#### Material shown

================

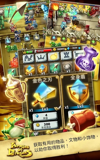 系统为我们准备了十多个属性士兵的选择,我们可以一次控制五种士兵,而这五种最好是不同属性的士兵,这样就能对所有的敌人都有所克制相对。除了士兵之外,游戏还加入了20多个技能、10多个基地的选择,这些都可以到商城中去购买和强化,随着士兵、技能、基地的不断强化,我们的整体实力也会慢慢增加,那么消灭恶龙就指日可待了。
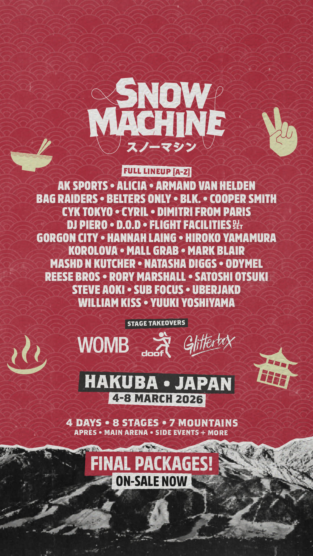 이벤트 날짜: 2026년 3월 3일 (화) – 3월 8일 (일) 장소: 일본 나가노현 하쿠바 밸리 스페셜 에디션 하이라이트: 파우더 시즌 한정 · 7개 산에 걸친 다수의 스테이지 · 논스톱 애프터 스키 파티 및 나이트 쇼 이벤트 일정:
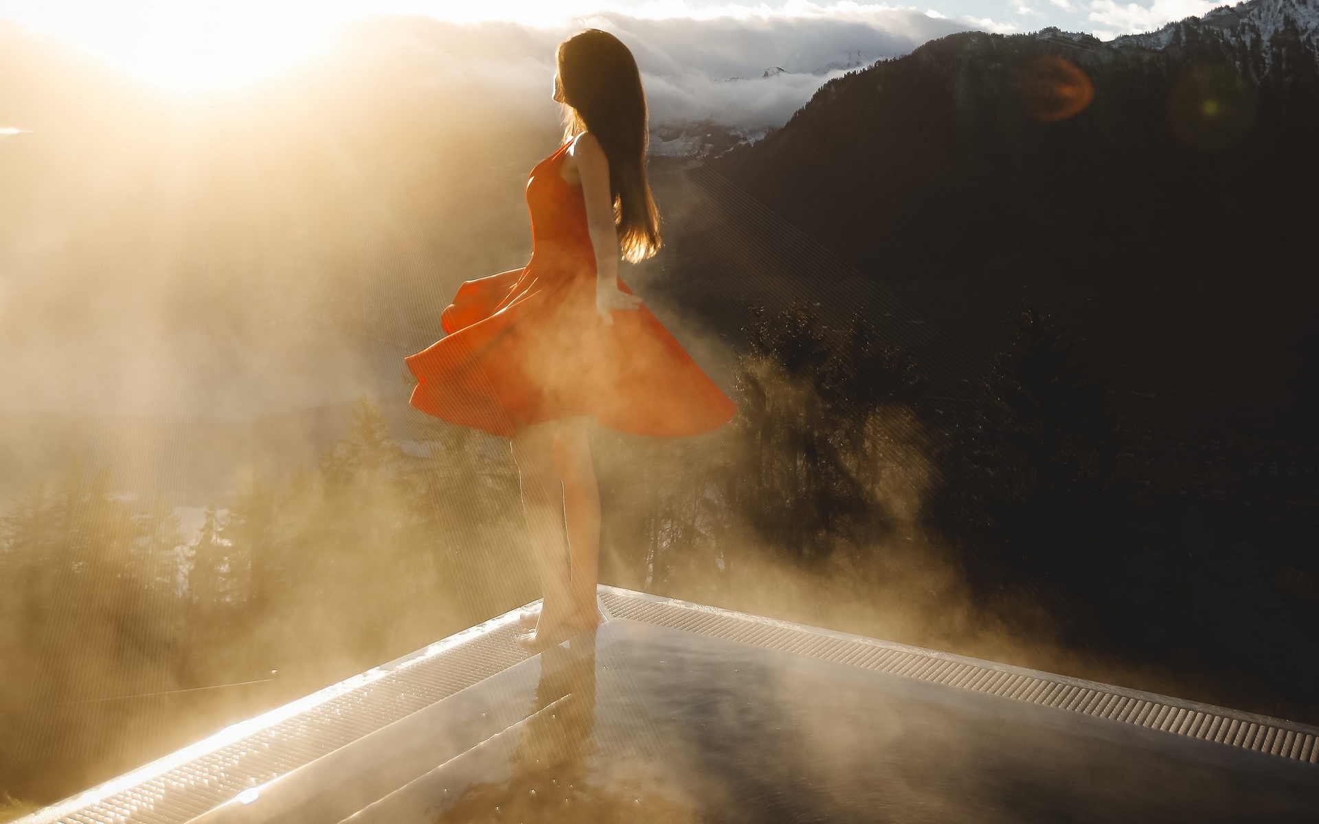 Description: A woman in a red dress standing on a balcony with a view of mountains and clouds in the background.
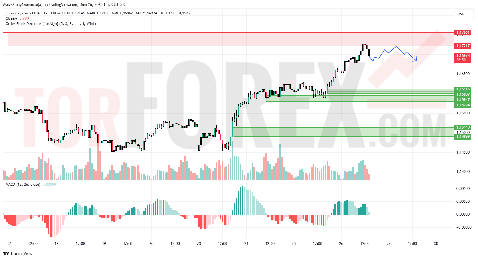 Пара EUR/USD демонстрирует локальную коррекцию после стремительного роста и тестирования зоны сопротивления. На часовом графике видно формирование локального максимума в районе 1,17217, за которым последовал откат. Объёмы начали снижаться, указывая на возможное ослабление покупательского давления.
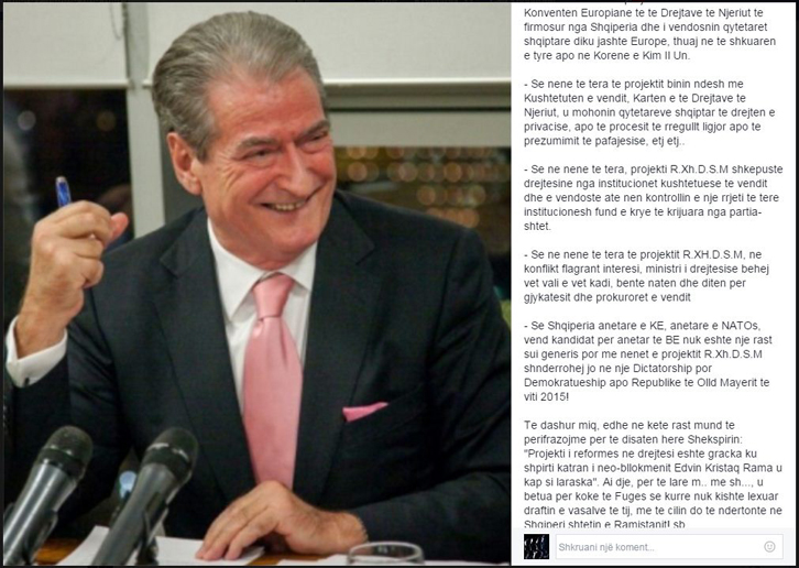 – Se nene te tera te projektit R.Xh.D S.M anullonin Konventen Europiane te te Drejtave te Njeriut te firmosur nga Shqiperia dhe i vendosnin qytetaret shqiptare diku jashte Europe, thuaj ne te shkuaren e tyre apo ne Korene e Kim Il Un.
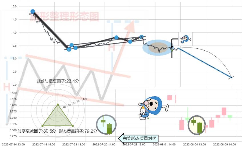 ➢ 🕰 价格走势在2022-08-03 13:00:00至2022-08-03 14:00:00期间形成下跌螺旋桨,残存影响值:-4.53
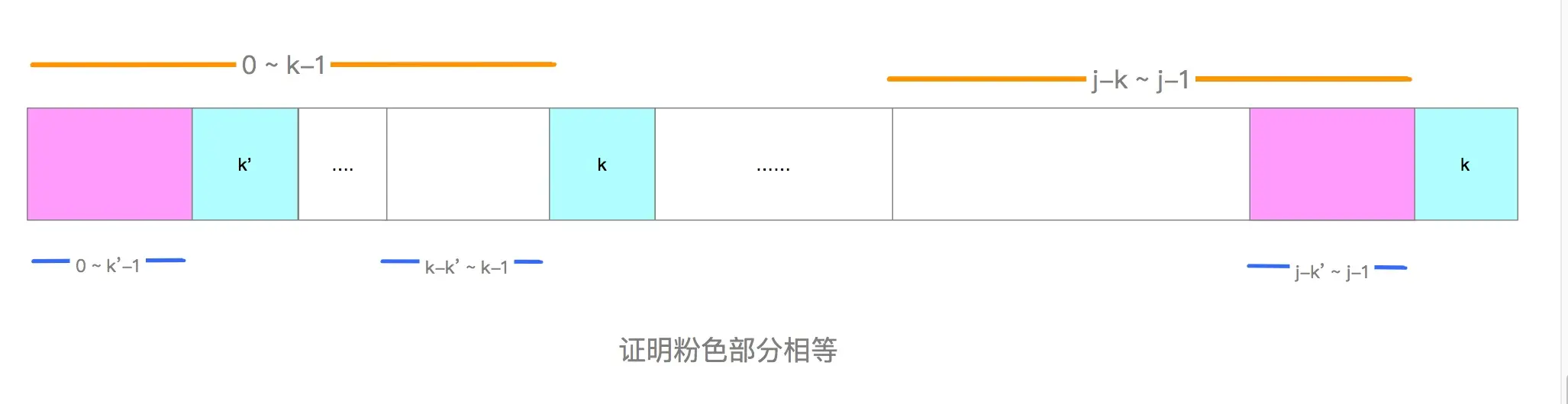 w[k] != w[j],所以另k' = next[k],假如此时w[k'] == w[j],如何证明w[0 ~ k'] == w[j-k' ~ j]呢?(图中粉色部分) 由k' = next[k]得到w[0 ~ k'-1] == w[k-k' ~ k-1]由
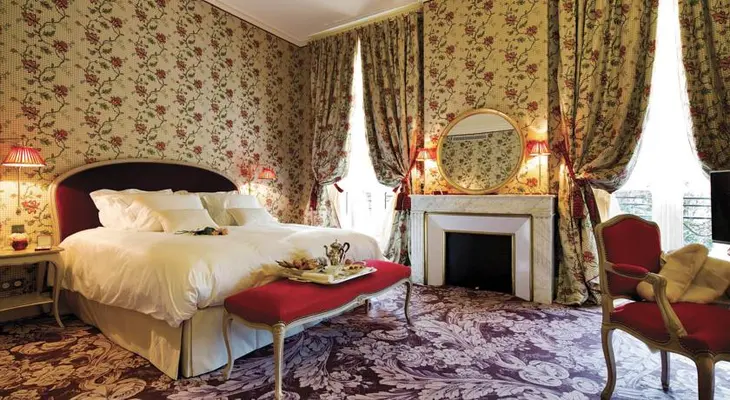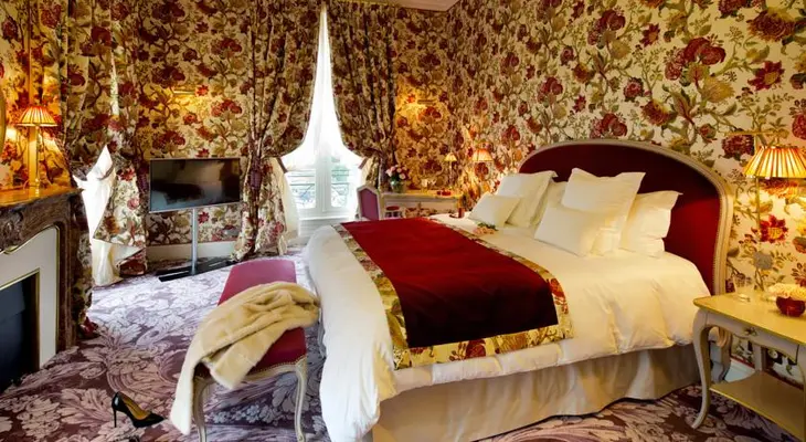 “An impeccably preserved 19th-Century facade hints at the splendor inside the six-room La Grande Maison decorated in the opulent style preferred by Napoleon III.”
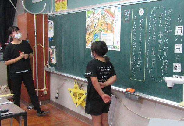 3・4年生は道徳の授業でした。「みんながくらしやすい町にするために大切なことは何だろう?」という目当てでした。
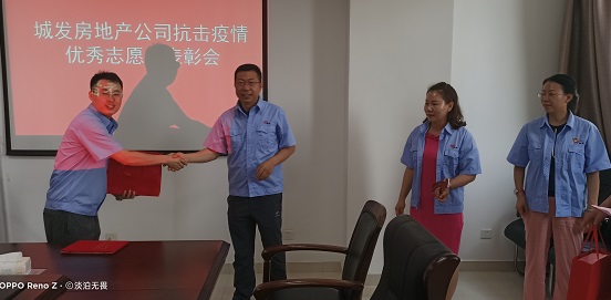 公司對勇于抗擊新冠肺炎疫情的15名志愿者進(jìn)行了表彰。經(jīng)理李錚、副經(jīng)理韓雪峰同志為志愿者頒發(fā)了獎狀和紀(jì)念品。
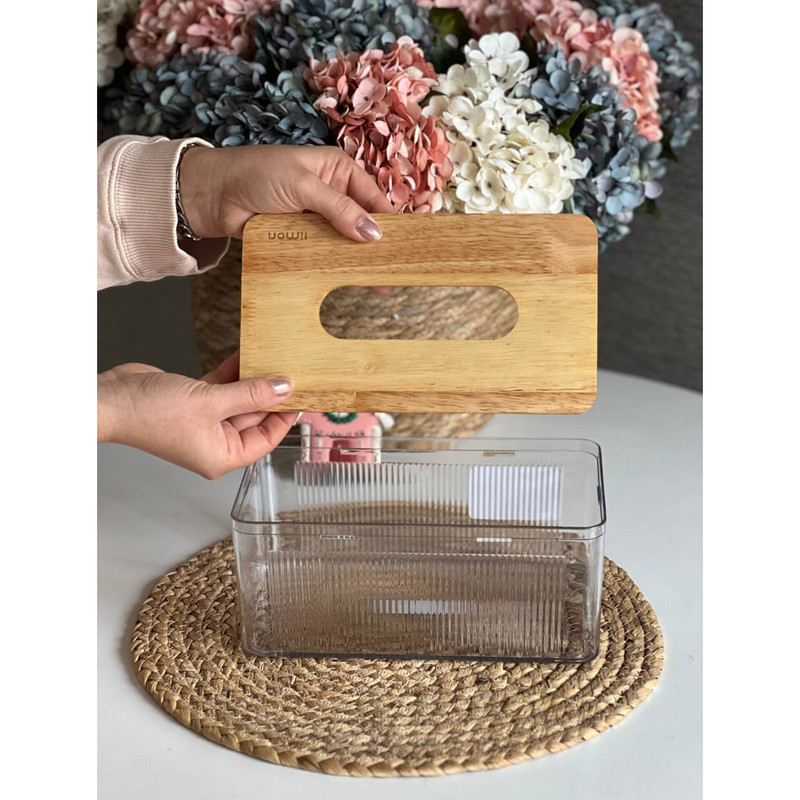 این جای دستمال کاغذی از برند معتبر لیمون، با طراحی مدرن و ترکیبی، انتخابی ایدهآل برای نظمبخشی و زیبایی میزهای پذیرایی است. بدنه اصلی این کالا از جنس اکریلیک شفاف و درجه یک ساخته شده است که علاوه بر مقاومت بالا، امکان مشاهده میزان دستمال باقیمانده را به راحتی فراهم میکند. درب این محصول از چوب مرغوب با پرداخت صیقلی طراحی شده است که گرما و اصالت خاصی به ظاهر مینیمال آن میبخشد. استفاده از متریال باکیفیت در ساخت کد ۲۳۷۲ باعث شده است تا این محصول در برابر رطوبت مقاوم باشد و به مرور زمان تغییر رنگ ندهد. همچنین طراحی استاندارد آن، فرآیند استفاده و شارژ مجدد دستمال را بسیار ساده نموده است.
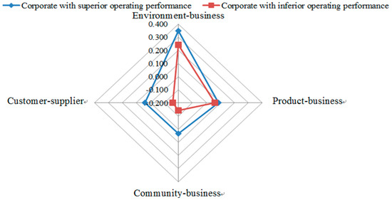 Figure 4 illustrates the difference of each CSR-related dimension between a corporation with superior operating status and a corporation with inferior operating status. The result reveals that a corporation with superior operating performance played a satisfactory job in CSR performance among all assessing criteria. This finding corresponds to the previous work done by McGuire et al. [60] who stated that a corporation with better CSR performance may face relatively lower capital constraints, fewer labor problems, and consumers who may be favorably disposed to its products as well as enhance its economic benefits. Furthermore, a corporation with better CSR performance may also have a lower financial risk owing to sustaining much more stable relations with the public sectors and financial communities.
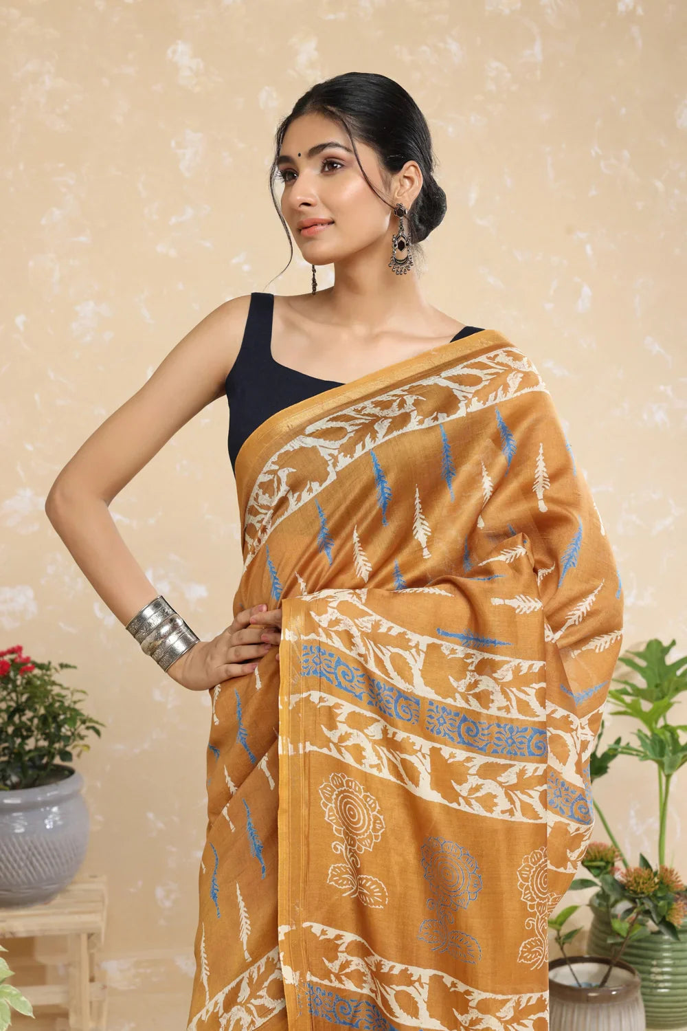 Handloom Honey Yellow Block Print Chanderi Cotton Saree
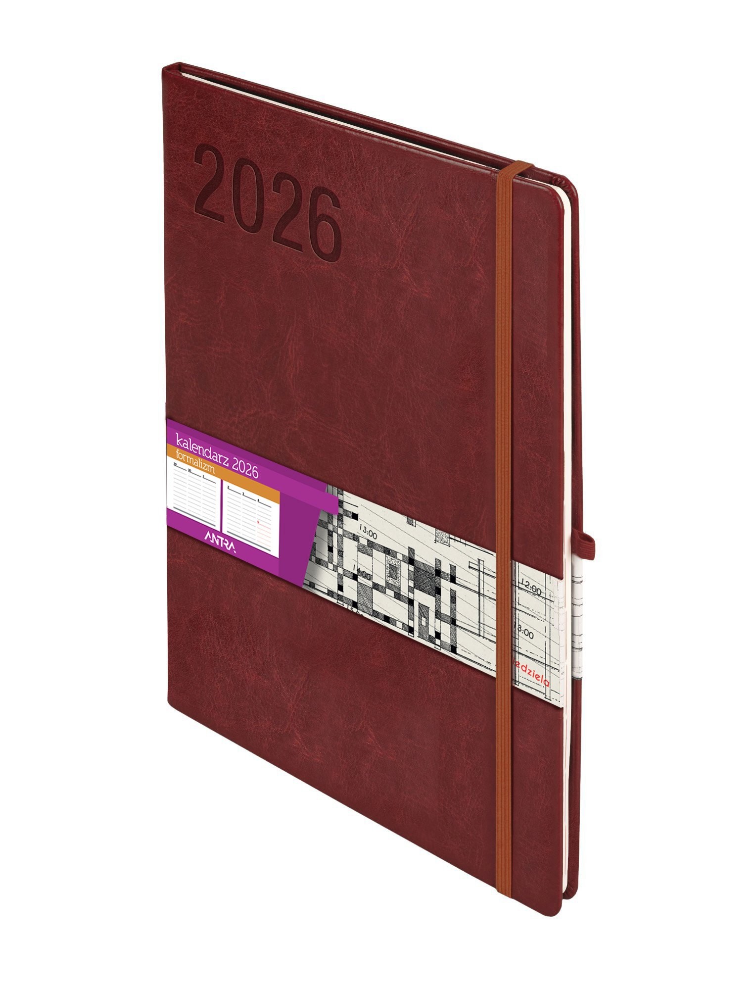 • Kolekcja: Formalizm • Format: A4 • Wymiary okładki: 295x210 mm • Układ: tydzień do wglądu • Ilość stron: 144 • Oprawa: twarda • Materiał: skóra ekologiczna • Gramatura papieru: 80g • Kolor papieru: off white • Dodatki: plan roku 2026, ważne wydarzenia, skorowidz adresowy • Pionowa gumka zamykająca: w kolorze okładki • Wstążka: w kolorze okładki • Gumka na długopis: w kolorze okładki • Zaokrąglone rogi: tak • Wyklejka: czarna • Koperta: tak • Dostępne kolory: czarny, czerwony, granatowy, brązowy
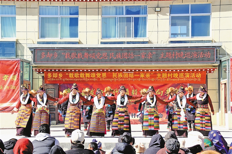 文艺是时代前进的号角,最能代表一个时代的风貌,最能引领一个时代的风气。连日来,来自浪卡子县多却乡的12支行政村文艺演出队,利用3天时间深入3个村(居),开展了以“载歌载舞颂党恩 民族团结一家亲”为主题的文艺巡演。巡演活动中,一个个沾泥土、带露珠的文艺节目深情表达了羊卓儿女听党话、感党恩、跟党走的坚定信念。
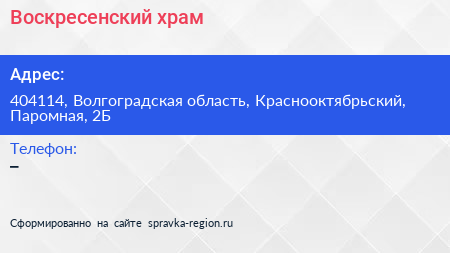 Воскресенский храм по адресу 404114, Волгоградская область, Краснооктябрьский, Паромная, 2Б в дальнейшем Организация, размещена в следующих категориях:
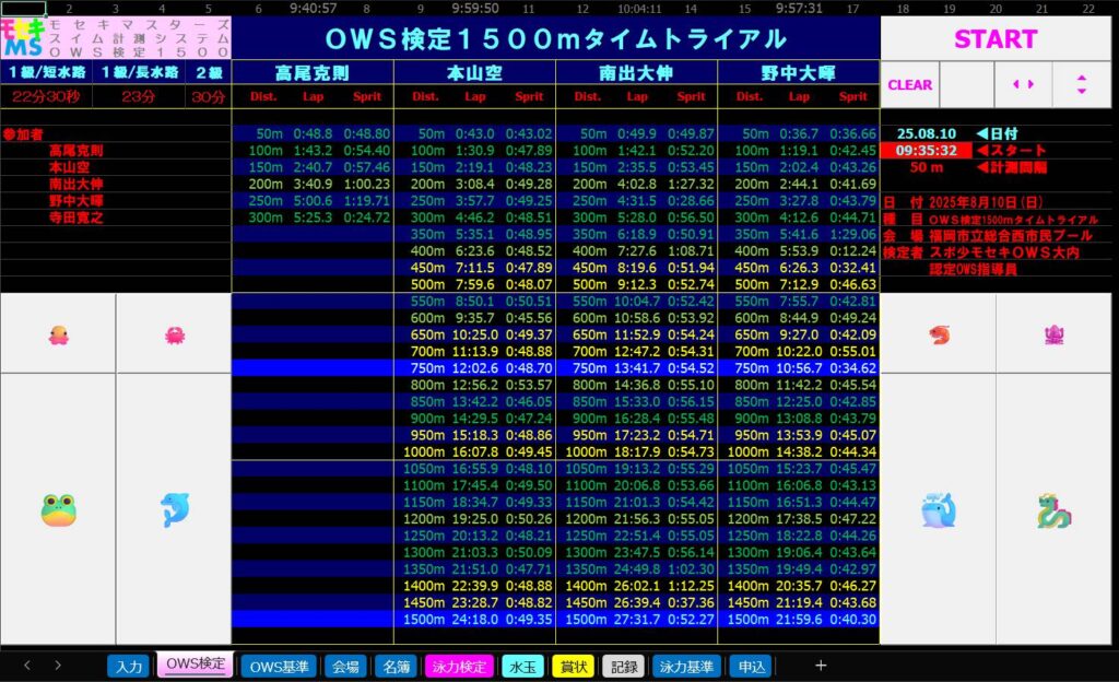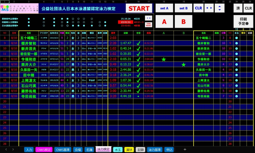 泳力検定用:各種目計測、判定、印刷、報告データ(100人まで?)

================

#### Goal of the exercise
Print the entries again exactly as they appear above. Do not print the pictures.

#### Exercise solution
 系统为我们准备了十多个属性士兵的选择,我们可以一次控制五种士兵,而这五种最好是不同属性的士兵,这样就能对所有的敌人都有所克制相对。除了士兵之外,游戏还加入了20多个技能、10多个基地的选择,这些都可以到商城中去购买和强化,随着士兵、技能、基地的不断强化,我们的整体实力也会慢慢增加,那么消灭恶龙就指日可待了。
 이벤트 날짜: 2026년 3월 3일 (화) – 3월 8일 (일) 장소: 일본 나가노현 하쿠바 밸리 스페셜 에디션 하이라이트: 파우더 시즌 한정 · 7개 산에 걸친 다수의 스테이지 · 논스톱 애프터 스키 파티 및 나이트 쇼 이벤트 일정:
 Description: A woman in a red dress standing on a balcony with a view of mountains and clouds in the background.
 Пара EUR/USD демонстрирует локальную коррекцию после стремительного роста и тестирования зоны сопротивления. На часовом графике видно формирование локального максимума в районе 1,17217, за которым последовал откат. Объёмы начали снижаться, указывая на возможное ослабление покупательского давления.
 – Se nene te tera te projektit R.Xh.D S.M anullonin Konventen Europiane te te Drejtave te Njeriut te firmosur nga Shqiperia dhe i vendosnin qytetaret shqiptare diku jashte Europe, thuaj ne te shkuaren e tyre apo ne Korene e Kim Il Un.
 ➢ 🕰 价格走势在2022-08-03 13:00:00至2022-08-03 14:00:00期间形成下跌螺旋桨,残存影响值:-4.53
 w[k] != w[j],所以另k' = next[k],假如此时w[k'] == w[j],如何证明w[0 ~ k'] == w[j-k' ~ j]呢?(图中粉色部分) 由k' = next[k]得到w[0 ~ k'-1] == w[k-k' ~ k-1]由
 “An impeccably preserved 19th-Century facade hints at the splendor inside the six-room La Grande Maison decorated in the opulent style preferred by Napoleon III.”
 3・4年生は道徳の授業でした。「みんながくらしやすい町にするために大切なことは何だろう?」という目当てでした。
 公司對勇于抗擊新冠肺炎疫情的15名志愿者進(jìn)行了表彰。經(jīng)理李錚、副經(jīng)理韓雪峰同志為志愿者頒發(fā)了獎狀和紀(jì)念品。
 این جای دستمال کاغذی از برند معتبر لیمون، با طراحی مدرن و ترکیبی، انتخابی ایدهآل برای نظمبخشی و زیبایی میزهای پذیرایی است. بدنه اصلی این کالا از جنس اکریلیک شفاف و درجه یک ساخته شده است که علاوه بر مقاومت بالا، امکان مشاهده میزان دستمال باقیمانده را به راحتی فراهم میکند. درب این محصول از چوب مرغوب با پرداخت صیقلی طراحی شده است که گرما و اصالت خاصی به ظاهر مینیمال آن میبخشد. استفاده از متریال باکیفیت در ساخت کد ۲۳۷۲ باعث شده است تا این محصول در برابر رطوبت مقاوم باشد و به مرور زمان تغییر رنگ ندهد. همچنین طراحی استاندارد آن، فرآیند استفاده و شارژ مجدد دستمال را بسیار ساده نموده است.
 Figure 4 illustrates the difference of each CSR-related dimension between a corporation with superior operating status and a corporation with inferior operating status. The result reveals that a corporation with superior operating performance played a satisfactory job in CSR performance among all assessing criteria. This finding corresponds to the previous work done by McGuire et al. [60] who stated that a corporation with better CSR performance may face relatively lower capital constraints, fewer labor problems, and consumers who may be favorably disposed to its products as well as enhance its economic benefits. Furthermore, a corporation with better CSR performance may also have a lower financial risk owing to sustaining much more stable relations with the public sectors and financial communities.
 Handloom Honey Yellow Block Print Chanderi Cotton Saree
 • Kolekcja: Formalizm • Format: A4 • Wymiary okładki: 295x210 mm • Układ: tydzień do wglądu • Ilość stron: 144 • Oprawa: twarda • Materiał: skóra ekologiczna • Gramatura papieru: 80g • Kolor papieru: off white • Dodatki: plan roku 2026, ważne wydarzenia, skorowidz adresowy • Pionowa gumka zamykająca: w kolorze okładki • Wstążka: w kolorze okładki • Gumka na długopis: w kolorze okładki • Zaokrąglone rogi: tak • Wyklejka: czarna • Koperta: tak • Dostępne kolory: czarny, czerwony, granatowy, brązowy
 文艺是时代前进的号角,最能代表一个时代的风貌,最能引领一个时代的风气。连日来,来自浪卡子县多却乡的12支行政村文艺演出队,利用3天时间深入3个村(居),开展了以“载歌载舞颂党恩 民族团结一家亲”为主题的文艺巡演。巡演活动中,一个个沾泥土、带露珠的文艺节目深情表达了羊卓儿女听党话、感党恩、跟党走的坚定信念。
 Воскресенский храм по адресу 404114, Волгоградская область, Краснооктябрьский, Паромная, 2Б в дальнейшем Организация, размещена в следующих категориях:
 泳力検定用:各種目計測、判定、印刷、報告データ(100人まで?)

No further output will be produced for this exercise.